Violência doméstica é ferida aberta

A chaga da violência doméstica é um dificultador para mudança da realidade no mercado de trabalho. As estatísticas flagram essa ferida aberta, afirma Dani Klein. “A pesquisa ‘Visível e Invisível’ (2022), do Datafolha, mostra que 51 mil mulheres foram vítimas de violência no país por dia. Em média, cada vítima é agredida quatro vezes. Foram quase 19 milhões de vítimas em 2022.

“Como a mulher vai apanhar e estudar? Como ela vai levar soco e pontapé e chegar ao trabalho? Tem um pacto de silêncio do brasileiro, de cordialidade, de não interferir, que precisa ser quebrado”, defendeu Dani.

A jornalista acrescenta: “Violência contra a mulher é crime, assédio é crime. A invisibilidade da mulher é considerada uma violência”.

Nas empresas onde atuam as profissionais ouvidas no debate, casos como esse e outros que infringem o Código de Ética e Conduta podem ser denunciados pelo 0800 515 2204.

Dani Klein aponta uma outra realidade inquietante. Mulheres gastam 14% do seu tempo com tarefas domésticas, três vezes mais que os homens (5%). “Você acumular isso é bastante complicado. Isso se reflete também como um desafio para a empresa.”
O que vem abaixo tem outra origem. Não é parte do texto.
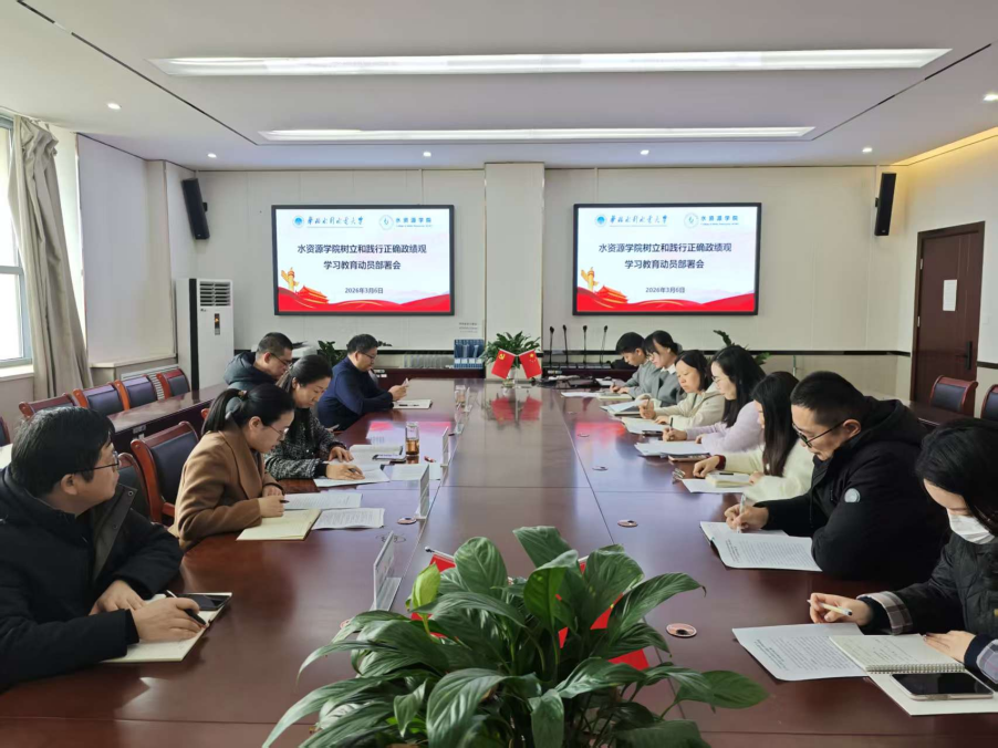 3月6日,水资源学院召开树立和践行正确政绩观学习教育工作部署会,学院领导班子、党委委员及各党支部书记参会,会议由学院党委书记冯飞䶮主持。

Ao final, o quarteto deixou uma mensagem. O papel das empresas é  incentivar o trabalho feminino em cada em suas amplitudes, não se moldando a padrões, não desencorajando a mulher a buscar uma vagas de emprego numa área que tradicionalmente impera a presença masculina.

Conquistas femininas são recentes

Durante a live, foram pontuados alguns marcos de conquistas femininas ao longo do tempo. A maioria delas é recente. Confira.

1946 – A mulher conquista o direito ao voto e de ser votada.

1962 – Pela lei, ela passa a poder trabalhar fora sem autorização do marido.

1974 – A mulher ganha o direito de portar o cartão de crédito.

1979 – Conquista do direito à prática de futebol.

1977 – Promulgada a lei do divórcio. O matrimônio não é mais indissolúvel.

1985 – É criada a primeira Delegacia da Mulher.

1988 – A Constituição promulgada proíbe a diferença de salários e critérios de admissão por homens e mulheres.

2003 – A mulher passa a ter o direito de casar sem ser virgem. Antes, em caso contrário, o casamento poderia ser anulado.

2015 – Passa a valer a lei do feminicídio, que torna crime hediondo o assassinato de mulheres, punindo o autor da forma mais severa da lei, 30 anos de reclusão. Também nesse ano, as mães passam a ter o direito de registrar em cartório o seu filho sem a presença do meu pai.

2018 – Aprovada a lei que tornou crime a importunação sexual, tão comum no transporte público.

2020 (eleições) – Passa a valer a lei que obriga partidos políticos a ter ao menos 30% de candidatas mulheres.

2023 – Governo decide pela distribuição gratuita de absorventes para pessoas mais vulneráveis.